Quelles aides pour les auto-entrepreneurs ?

Quelles aides pour les auto-entrepreneurs ?

1er septembre 2018

Il existe de nombreuses aides pour les auto-entrepreneurs : aides ou subventions financières, prêts et autres solutions d’accompagnement, retrouvez ici toutes les informations nécessaires pour développer votre auto-entreprise !

L'exonération de début d’activité de création ou de reprise d’entreprise (Acre)

Depuis le 1er janvier 2019,  tous les nouveaux créateurs ou repreneurs d'entreprise peuvent bénéficier de l'exonération de début d'activité de création ou de reprise d'entreprise. Vous n'avez donc aucune demande spécifique à faire lors de la création de votre auto-entreprise.

Une seule condition toutefois : avoir un revenu annuel inférieur à 40 524 € (après abattement)

Ceci correspond à :

  • 139 738 € de CA HT pour les activités commerciales

  • 81 048 € de CA HT pour les prestations de services commerciales et artisanales

  • 61 400 € de CA HT pour les activités libérales

Ce dispositif consiste en une exonération partielle et dégressive des cotisations que vous payez chaque mois ou trimestre lorsque vous déclarez le chiffre d'affaires de votre auto-entreprise. Cette exonération est valable pendant 3 ans.

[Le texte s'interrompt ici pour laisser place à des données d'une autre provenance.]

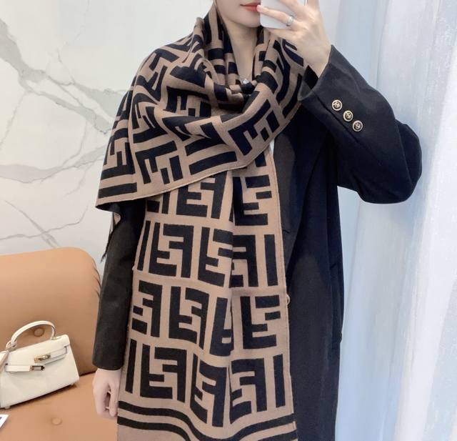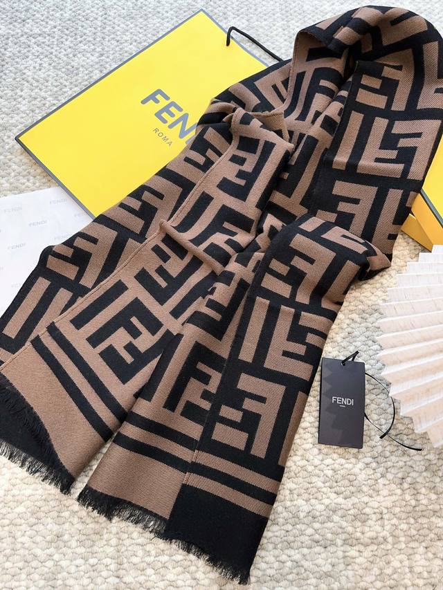 This is a limited edition Fendi scarf, the hottest item this year, with the monogram FF logo that everyone's scrambling to buy. It's a top-quality piece, extremely rare even in boutiques, and hard to find even with money. It's made with the same high-quality materials as the real thing, and it's said that many boutiques are currently sold out. It's incredibly versatile and instantly elevates your style. Compare it to the authentic version
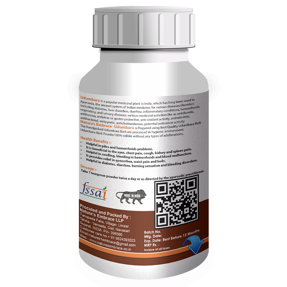 Nature’s Embrace -Udumbara is Prepared using Best Quality Udumbara Bark. The handpicked Udumbara Bark are processed in hygienic environment. Udumbara Bark Powder100% edible without any types of adulterations.
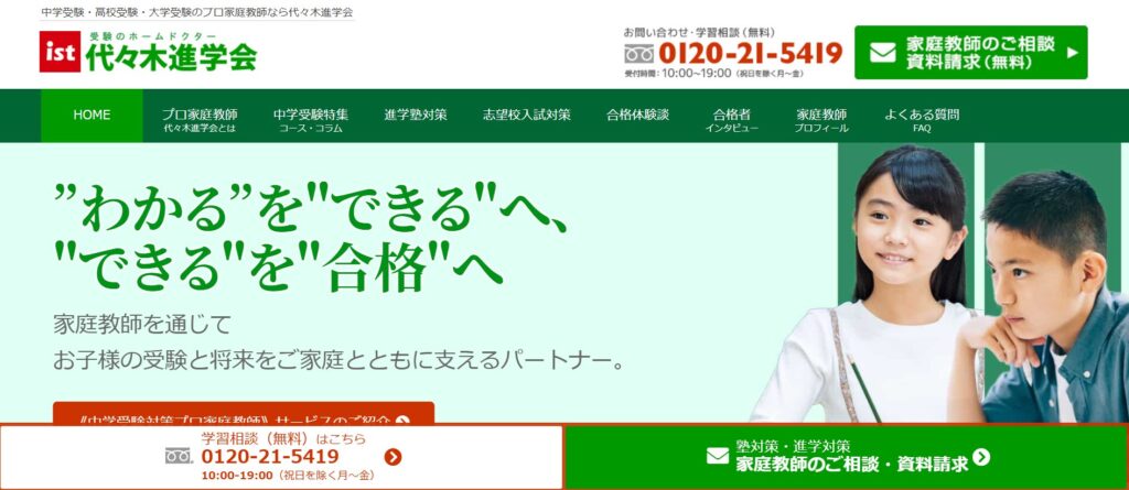 代々木進学会は1988年に創立、のべ2万人以上を合格に導いた家庭教師センター。SAPIXと同じく代々木を拠点に置き、首都圏各地の家庭で中学受験の指導に注力しています。

Type d'activité Taux de cotisations (2019)
1ère période 2ème période 3ème période
Achat / revente de marchandises 3,2 % 6,4 % 9,6 %
Prestation de service commerciale ou artisanale (BIC / BNC) 5,5 % 11 % 16,5 %
Activité libérale 5,5 % 11 % 16,5 %
Prestations d'hébergement (BIC) 3,2 % 6,4 % 9,6 %
Activité de location de tourisme 2,9 % 3 % 4,5 %

 

À l'issue de ces 3 années, les taux pleins de cotisations sociales vous seront appliqués :

  • 22 % pour les prestations de service commerciale ou artisanale (BIC / BNC)

  • 22 % pour les activités libérales

  • 12, 8 %  pour l'achat / revente de marchandises et les prestations d'hébergement (BIC), sauf locations meublées 

À noter que si vous dépassez ce plafond de revenus annuels de 40 524 € après abattement, seul le chiffre d'affaires au-dessus du plafond sera soumis aux cotisations à taux plein (12,8 % ou 22 %, en fonction de la nature de votre activité). Vous ne perdrez toutefois pas le bénéfice de l'ACRE.

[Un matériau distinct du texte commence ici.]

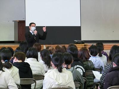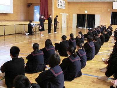 岡富中学校に新年度入学予定の新入生・保護者の説明会を本年度は、延岡小会場と岡富小会場に分けて実施しています。これまでは、岡富中学校体育館を会場に、まず授業参観をしながら学校の様子を感じてもらう…という流れでしたが、コロナ感染症対策の一つとして分散会場を考えました。会場の準備や駐車場の確保など、小学校の先生方の協力があってこその開催です。説明会では、学習面・生活面をそれぞれの担当から、学校生活や部活動については、生徒会役員がビデオで紹介しました。6年生の児童の皆さんの聞く態度が大変素晴らしかったです。真剣に話を聞いていました。皆さんが入学するのを楽しみに待っています。
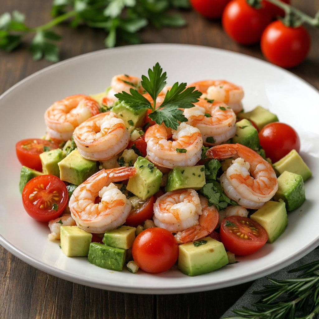 Откиньте на дуршлаг, дайте остыть, при желании очистите от панциря (оставив хвостики для красоты — опционально). - Подготовка авокадо.
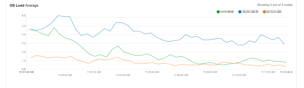 The OS Load: Average column displays the average amount of processes using or waiting for CPU on your node over a period of time.
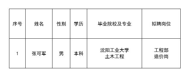 因公司發(fā)展需要,承德市國(guó)越房地產(chǎn)開發(fā)有限公司委托第三方機(jī)構(gòu)面向社會(huì)公開工程部造價(jià)崗員工1名?,F(xiàn)對(duì)擬錄用人員信息進(jìn)行公示,公示期間如有異議,可通過電話、信函等方式反映,反映意見請(qǐng)署真實(shí)姓名。
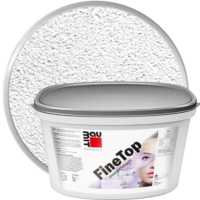 Баумит ФайнТоп - Универсальная декоративная мелкозернистая штукатурка. После нанесения штукатурка имеет фактруру «Шуба» - это мелкозернистая равномерная поверхность. Выпускается с использованием силиконовой смолы. Применение – внутреннее и наружное. Используется в системах СФТК, для проемов и декоративных элементов. Кроме этого, материал используется при проведении работ по санации.
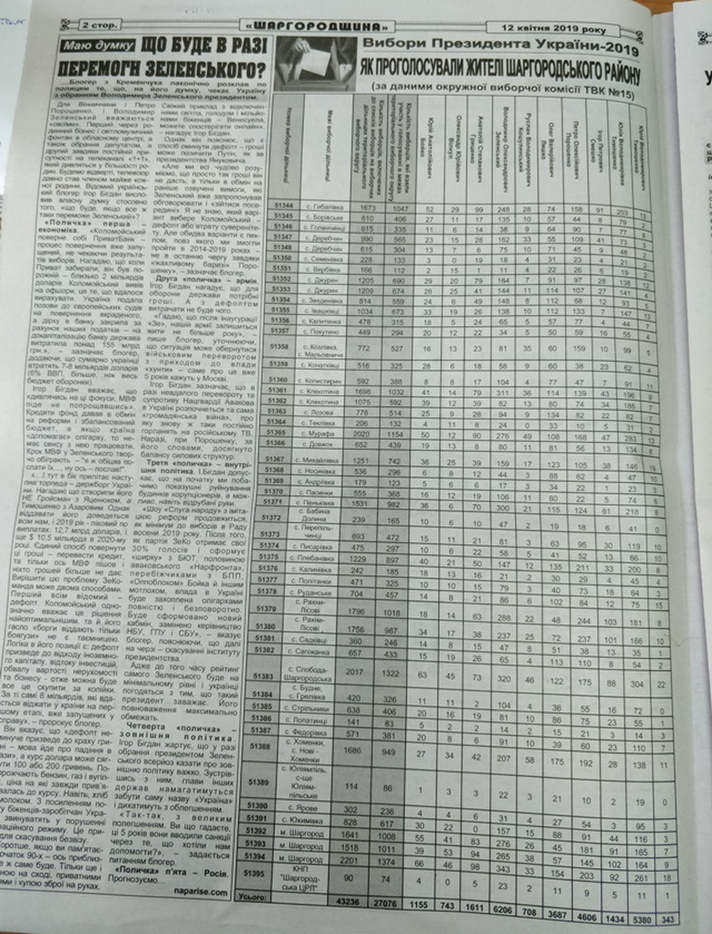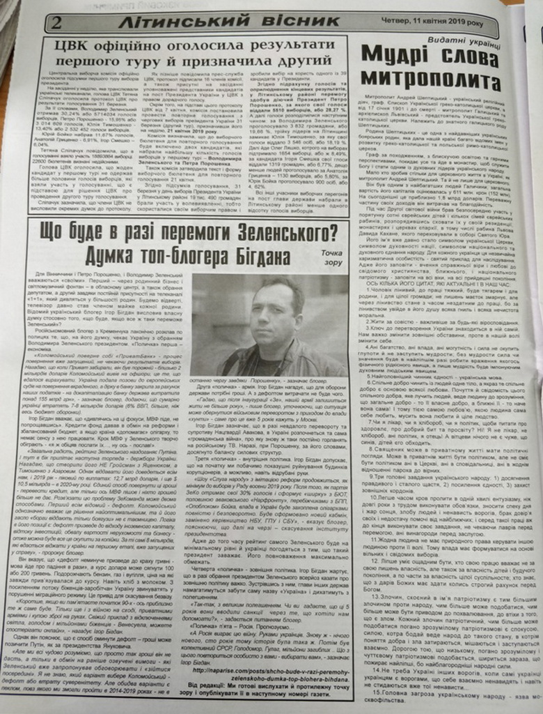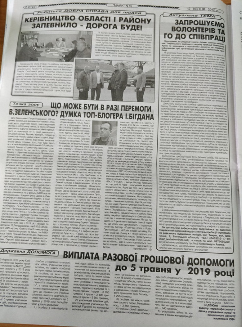 Низка районних газет області опублікувала статтю під заголовком «Що буде в разі перемоги Зеленського? Думка топ-блогера Бігдана», яка може містити певні ознаки замовності проти кандидата на посаду Президента України Володимира Зеленського.

Si vous souhaitez bénéficier à nouveau de cette exonération, vous devrez attendre un délai de 3 ans après la fin de ces 3 années d’exonération. À titre d'exemple, si vous bénéficiez de l’exonération depuis le 1er janvier 2019, vous devrez attendre le 1er janvier 2025 pour effectuer une nouvelle demande.

L'ACCRE disparaît

Jusqu'au 31 décembre 2018, cette exonération des charges sociales entrait dans le dispositif de l'ACCRE (Aide aux Chômeurs Créateurs ou Repreneurs d'Entreprise) et était réservée à une liste restreinte de bénéficiaires. L'ACCRE permettait également l’accès à des demandes d’aides et d’accompagnement à la création d’entreprise (ARCE, CAPE, NACRE…). Désormais, les deux volets exonération / aides et accompagnement sont clairement distingués.

Les subventions et aides financières pour les auto-entrepreneurs

1 - L’Arce : une aide financière pour les demandeurs d’emploi

L’Aide à la reprise ou à la création d’une entreprise s’adresse aux demandeurs d’emploi qui perçoivent l’Allocation d’Aide au Retour à l’Emploi (ARE). En bénéficiant de cette aide, vous percevrez vos allocations chômage sous forme de capital. Cela peut être utile en cas de besoin financier important lors de la création de votre auto-entreprise.

Qui peut bénéficier de l’Arce ? 

  • un demandeur d’emploi qui bénéficie de l’ARE et qui souhaite créer ou reprendre une entreprise

  • un demandeur d’emploi (ou une personne licenciée, sous certaines conditions) admissible au bénéfice de l’ARE mais qui ne la perçoit pas au moment où il crée ou reprend une entreprise.

Montant et durée

Le montant de l’Arce est égal à 45 % de vos droits restants à l’ARE. Une déduction de 3 % sera effectuée au titre du financement des retraites complémentaires.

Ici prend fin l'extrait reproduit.